[TASK DIRECTIONS] Give the lines again exactly as they appear below, from the line with "EMPLOYMENT APPLICATION BUS" to the line with "- 64% polyester", both included, and only those lines. Leave every picture out.

====== RECORDS FOR THIS TASK ======

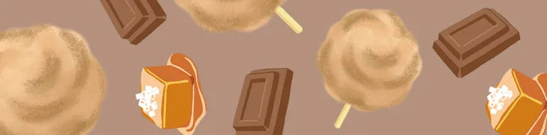 カカオパウダーとキャラメルパウダーを合わせたひと口サイズのふわふわのわたあめにほろ苦いカカオ分70%の削ったダークチョコレートをトッピング。
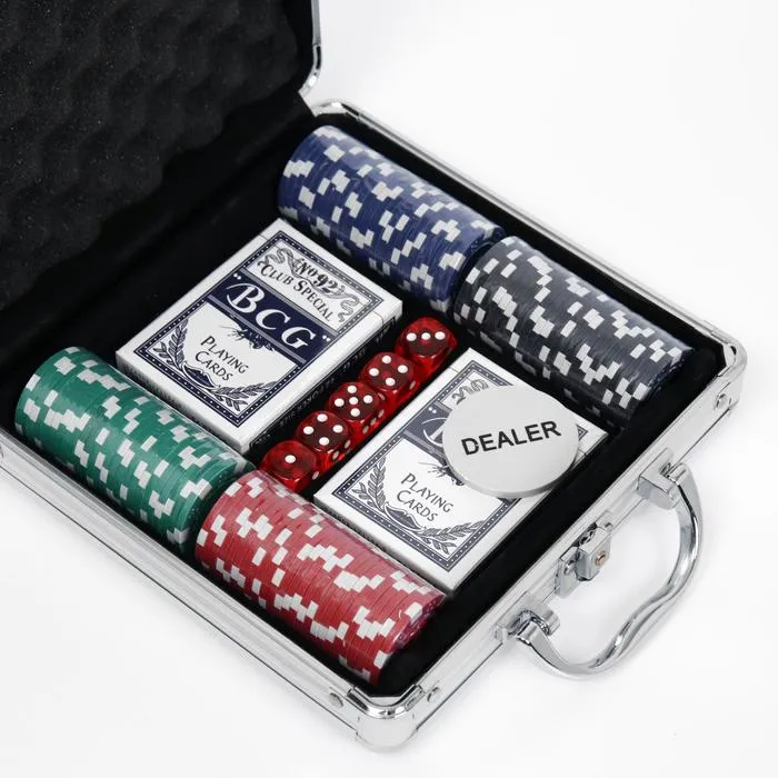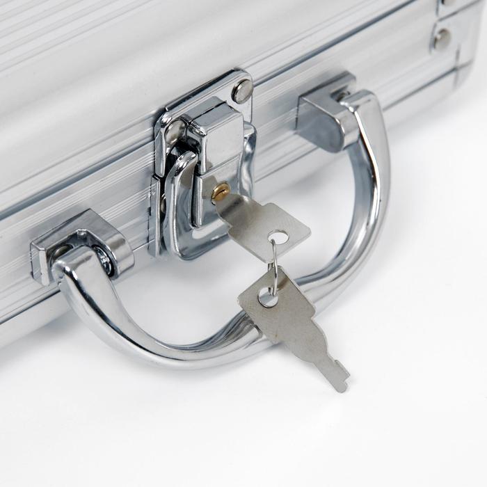 Набор в металлическом кейсе прекрасно подойдет для небольшой компании. Такой кейс удобно брать с собой — на вечеринку, на дачу, на пикник, в гости. Он закрывается на ключ, а значит, ни одна фишка из игры не потеряется в дороге. Пластиковые карты, фишки и внушительного вида кейс придают игре особую атмосферу.
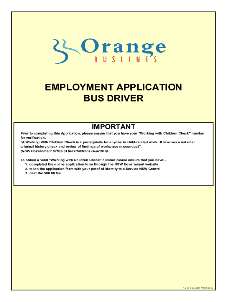 EMPLOYMENT APPLICATION BUS DRIVER IMPORTANTPrior to completing this Application, please ensure that you have your \” Working with Children Check\” number for verification. \” A Working With
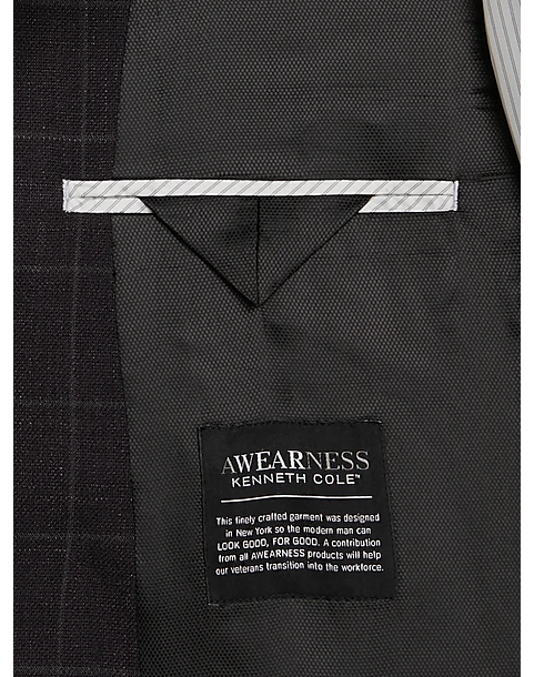 - 64% polyester 35% viscose 1% spandex|Two button|Notch lapel|Flap pockets|Side vents|3/8 lined|Modern Fit|Awearness Kenneth Cole|
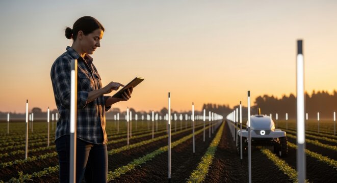 An autonomous farming robot analyzing soil quality, a vast agricultural field with precision irrigation systems, High-tech style

======

[WRITTEN SOLUTION]
 EMPLOYMENT APPLICATION BUS DRIVER IMPORTANTPrior to completing this Application, please ensure that you have your \” Working with Children Check\” number for verification. \” A Working With
 - 64% polyester 35% viscose 1% spandex|Two button|Notch lapel|Flap pockets|Side vents|3/8 lined|Modern Fit|Awearness Kenneth Cole|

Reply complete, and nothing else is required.